By Mike Miliard for Healthcare IT News
In his opening keynote Tuesday at the HIMSS Machine Learning & AI for Healthcare Digital Summit, Mayo Clinic CIO Cris Ross enumerated some of the many ways artificial intelligence has been crucial to our evolving understanding of COVID-19.
Way back in March, for instance, researchers were already using an AI algorithm – trained on data from the 2003 SARS outbreak – for “a recurrent neural network to predict numbers of new infections over time,” he said. “Even from the beginning of COVID-19, artificial intelligence is one of the tools that scientists have been using to try and respond to this urgent situation.”
And just this past month, Boston-based nference – whose clinical-analytics platform is used by Mayo Clinic – sifted through genetic data from 10,967 samples of novel coronavirus. Along the way, researchers discovered “a snippet of DNA code – a particular one that was distinct from predecessor coronaviruses,” said Ross. “The effect of that sequence was it mimics a protein that helps the human body regulate salt and fluid balances.
“That wasn’t something that they went looking for,” he said. “They simply discovered it in a large dataset. It’s since been replicated and used to support other research to discover how genetic mutations and other factors are present in COVID-19 that help, both with the diagnosis of the disease, but also its treatment.”
Many other now commonly understood characteristics of the novel coronavirus – the loss of smell it can cause, its effects on blood coagulation – were discovered using AI.
Around the world, algorithms are being put to work to “find powerful things that help us diagnose, manage and treat this disease, to watch its spread, to understand where it’s coming next, to understand the characteristics around the disease and to develop new therapies,” said Ross. “It’s certainly being used in things like vaccine development.”
At the same time, there are already some signs that “we need to be careful around how AI is used,” he said.
For example, the risk of algorithmic bias is very real.
“We know that Black and Hispanic patients are infected and die at higher rates than other populations.
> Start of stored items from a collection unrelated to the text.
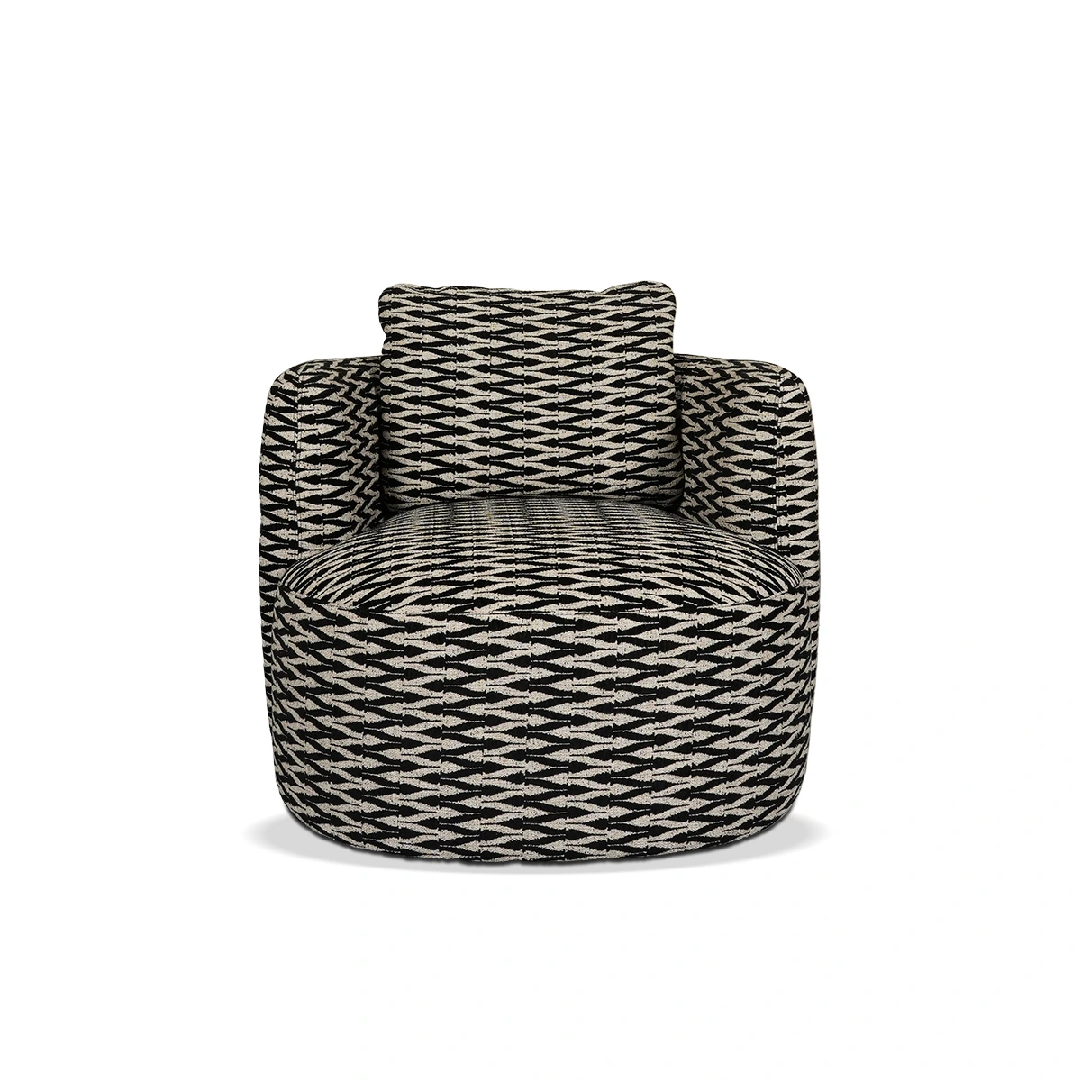 Fabric on armchair: 5630 Fiore (54%PC-43%PL-3%VI); Back cushion filling: goose feathers and silicone blend; Frame: pine wood and plywood ; Legs: swivel mechanism
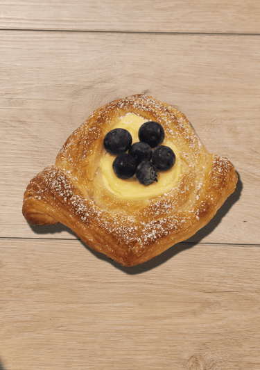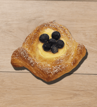 Enjoy our flaky Danish, brimming with creamy vanilla custard and topped with fresh blueberries, dusted with powdered sugar.
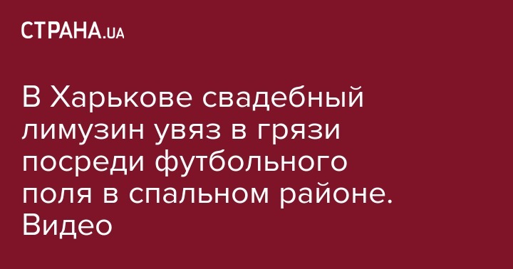 В Харькове белоснежный свадебный лимузин заехал на футбольное поле и не смог вырулить обратно на дорогу из-за грязи. Видео инцидента опубликовало сообщество "Харьков 1654" на Facebook.
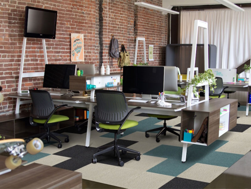 Если позволяет бюджет, вы можете изменить материал напольного покрытия в зоне приема гостей, оставив рабочие зоны без изменений. Эта зона занимает особое положение в офисе, она лицо компании, и ее реновация отражает жизнь компании. Мы часто используем ковровую плитку Flor из-за легкости в монтаже и гибкости в создании индивидуальных рисунков и узоров. Также она легко демонтируется на случай если офисное помещение арендуется.
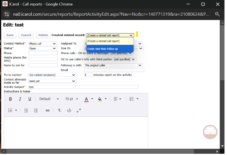 If you choose, you can turn on a setting that will allow you to complete follow-up activities via SMS/Text messages from within a call report. To turn this setting on, you must be an Admin in iCarol.

So we need to be vigilant for the possibility that that fact about the genetic or other predisposition that might be present in those populations could cause us to develop triage algorithms that might cause us to reduce resources available to Black or Hispanic patients because of one of the biases introduced by algorithm development.”
The profusion of data since the pandemic began has allowed advanced models to be purpose-built at speed – and has also enabled surprise findings along the way.
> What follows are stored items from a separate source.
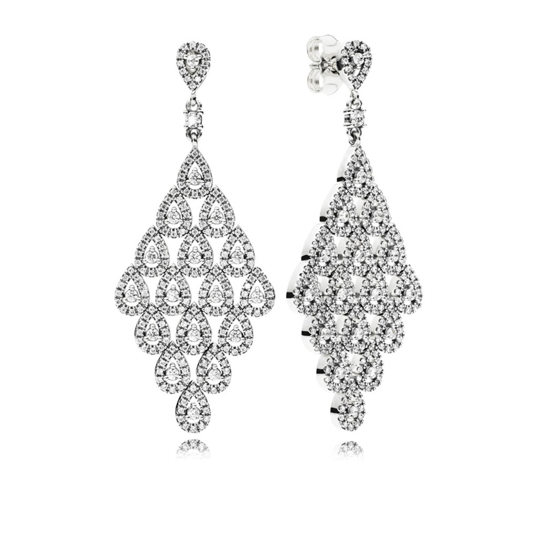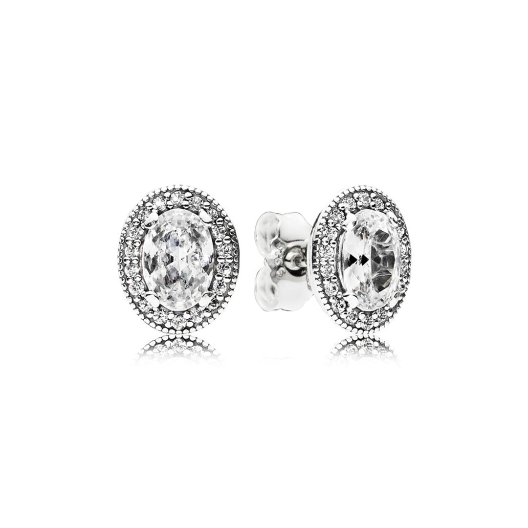PANDORA logo stud earrings in SS with 14k gold and clear CZ
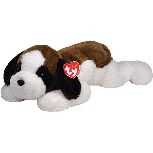 TY Classics Yodels Super Soft Dog St Bernard. This dog is the softest of soft and big enough to snuggle with. This dog is about 32 inch long. Made from super soft material, kids will love it. Ages 3 years and up.
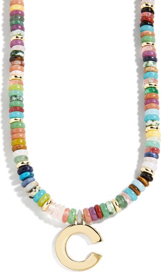 Faceted beads in rainbow hues colorfully animate a personalized necklace anchored with a gleaming initial pendant.

Sure, “some of the models that are being built that are labeled AI are really just fancy regression models,” said Ross. “But in a way, does it really matter? In any case, [they’re] ways to use data in powerful ways to discover new things, … drive new insights, and to bring advantages to all of us dealing with this disease.”
It’s notable too that the big datasets needed for AI and machine learning “simply didn’t exist in the pre-electronic health record days,” he added.
“Just imagine where we would have been if it was a decade ago and we were trying to battle COVID-19 with data that had to be abstracted from paper files, … manila folders, and a medical records room someplace,” said Ross.
“The investments we’ve made to digitize healthcare have paid off. We’ve learned that the downstream value of data that’s contained in electronic health records systems is incredibly powerful.”